0 NA) water immersion objective. SpH was excited at 488 nm using a Polychrome IV monochromator (Till Photonics). Electrophysiological and FM2-10 based measurements were carried out as previously described (Rozas et al., 2011) (see Supplemental Experimental Procedures for details). We followed the procedures previously described (Rozas et al., 2011) (see Supplemental Experimental Procedures for details). Muscles in resting
conditions or after stimulation (180 s at 30 Hz) were processed for conventional transmission electron microscopy (for details, see Supplemental Experimental Procedures).

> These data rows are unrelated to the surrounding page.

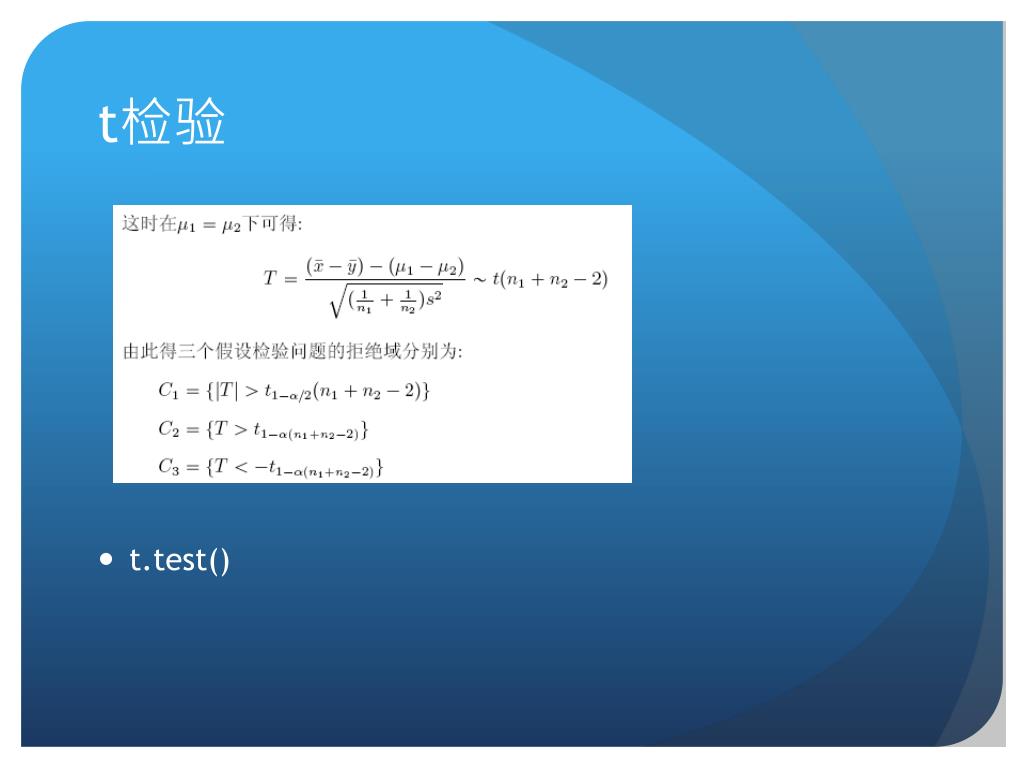 p值 • 定义: 在一个假设检验问题中, 拒绝原假设H0的最小显著性水平称为检验的p值. (最小犯第一类错误的概率)。 • p值越小, 表示原假设越可疑, 从而越应拒绝原假设。 • 由检验的p值与人们心目中的显著性水平进行比较可以很容易做出检验的结论: 如果 p < alpha, 则在显著性水平alpha下拒绝H0; 如果p>alpha, 则在显著性水平alpha下保留H0.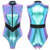 Women Halloween Astronaut Cosplay Costumes Shiny Metallic Zipper Sleeveless Bodysuit Catsuits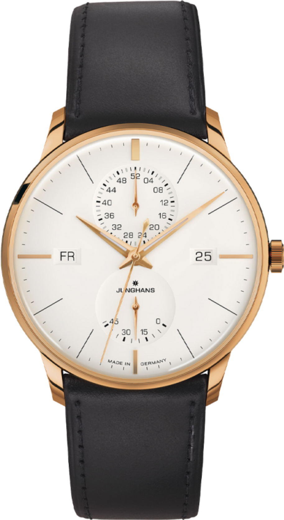 • Funkce a popis:Čas, datum, den v týdnu, ukazatel rezervy chodu, strojek s automatickým nátahem Junghans J810.5 (25 kamenů) - rezerva chodu 42 hodin, polokmity setrvačky 28.800/h = diference 2 - 4 vteřiny denně, automatický nátah (pohybem ruky) + ruční nátah (hodinky lze natáhnout i mechanicky - ručně), luminiscenční vrstva (svítící) v ručičkách, do hodinek lze vsadit za příplatek safírové nepoškrabatelné sklíčko
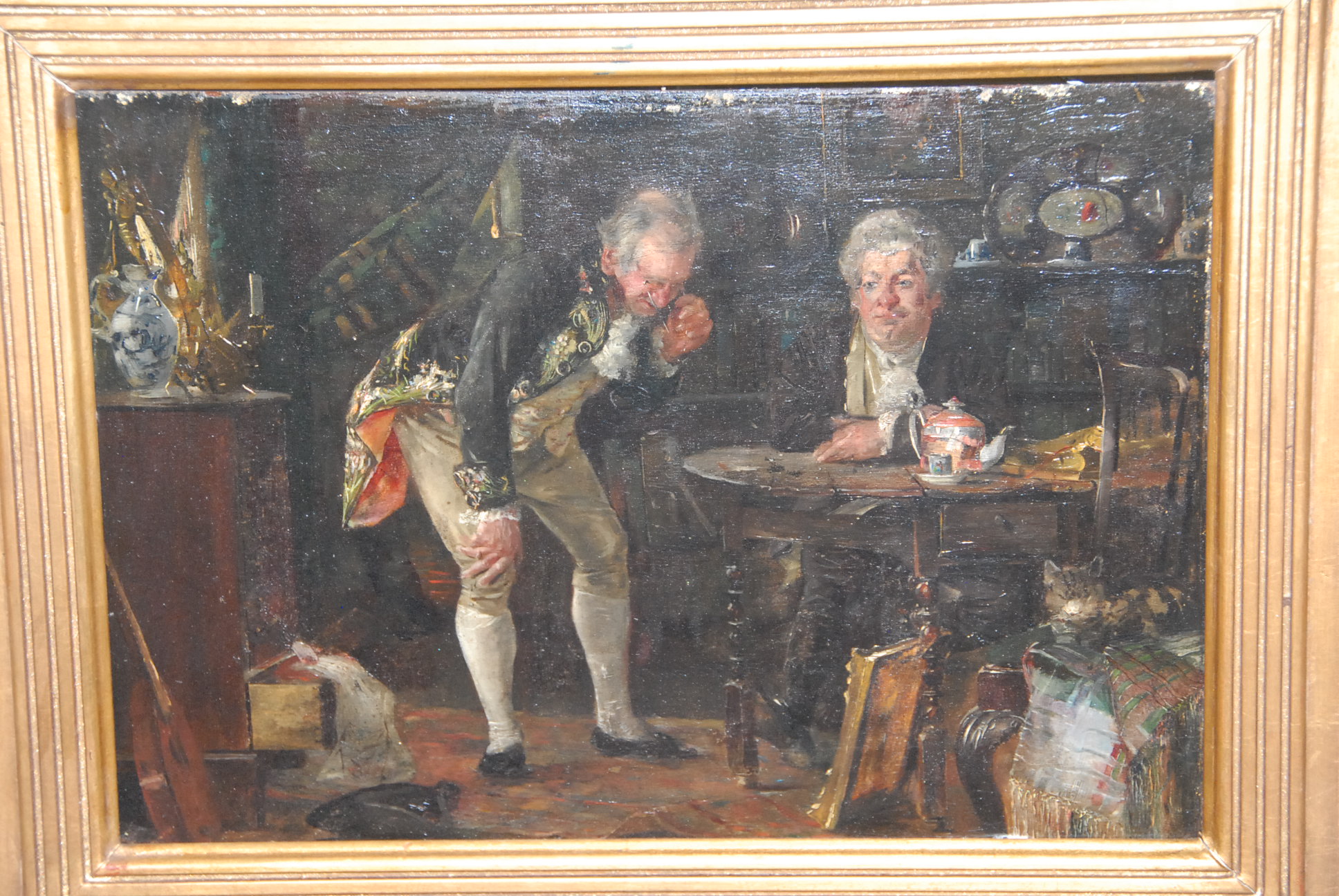 Spanish Leon Escoura oil on board of an interior scene with two men.

Images were taken on a CM-10 (Philips) electron microscope with Veleta (Olympus) camera controlled by iTEM platform (Olympus SIS). This work has been Target Selective Inhibitor Library cell assay supported by Spanish MINECO (Juan de la Cierva and FPU Programs, BES2008-002858, BFU2007-66008, BFU2010-15713, ERA-NET NEURON EUI2009-04084, CTQ2009-14431/BQU, SAF2010-20822-C02), Junta de Andalucía (P06-CVI-02392,
P07-CVI-02854), Xunta de Galicia (INCITE09 209 084PR), HFSP (RGP 0045/2002-C and CDA0032/2005-C), Instituto de Salud Carlos III and FEDER. We are grateful to T.C. Südhof, W.J. Betz, G. Alvarez de Toledo, W. Regehr, and F.J. Urbano for critical reading of previous or recent versions of the manuscript and insightful comments; M.L. Montesinos, R. Ruiz, O. Uchitel, and F.J. Urbano for technical advice; L. Tabares for loan of equipment; J. Lopez-Barneo for support and advice; T.C. Südhof and P. McPherson for antibodies; Alejandro Arroyo and M. Carmen Rivero for excellent technical assistance; G. Cantero for help with
genotyping; I. Benito for help with mouse husbandry learn more and C.O. Pintado for transgenesis. Part of the study performed at CITIUS (University of Seville). “
“At both vertebrate and invertebrate synapses, alterations in synaptic activity trigger homeostatic responses that modulate synaptic strength; it appears that these homeostatic responses manifest as changes in postsynaptic receptor expression as well as retrograde regulation of transmitter release (Branco et al., 2008, Cai et al., 2008, Davis, 2006, Goold and Nicoll, 2010, Jakawich et al., 2010, Petersen et al., 1997, Sandrock et al., 1997, Stellwagen and Malenka, 2006, Sutton and Schuman, 2006, Turrigiano and Nelson, 2004 and Turrigiano et al., 1998). Postsynaptic translation plays an important role in mafosfamide local changes in postsynaptic receptor expression (Bidinosti et al., 2010, Costa-Mattioli et al., 2009, Menon et al., 2004, Sigrist et al., 2000 and Sutton et al., 2007); however, we know little about whether translational mechanisms also participate in the retrograde control of neurotransmitter release. At the Drosophila larval neuromuscular junction (NMJ), loss or inhibition of glutamate receptor subunit IIA (GluRIIA) triggers a robust retrograde increase in neurotransmitter release to compensate for the reduction in postsynaptic receptor function ( Frank et al., 2006 and Petersen et al., 1997).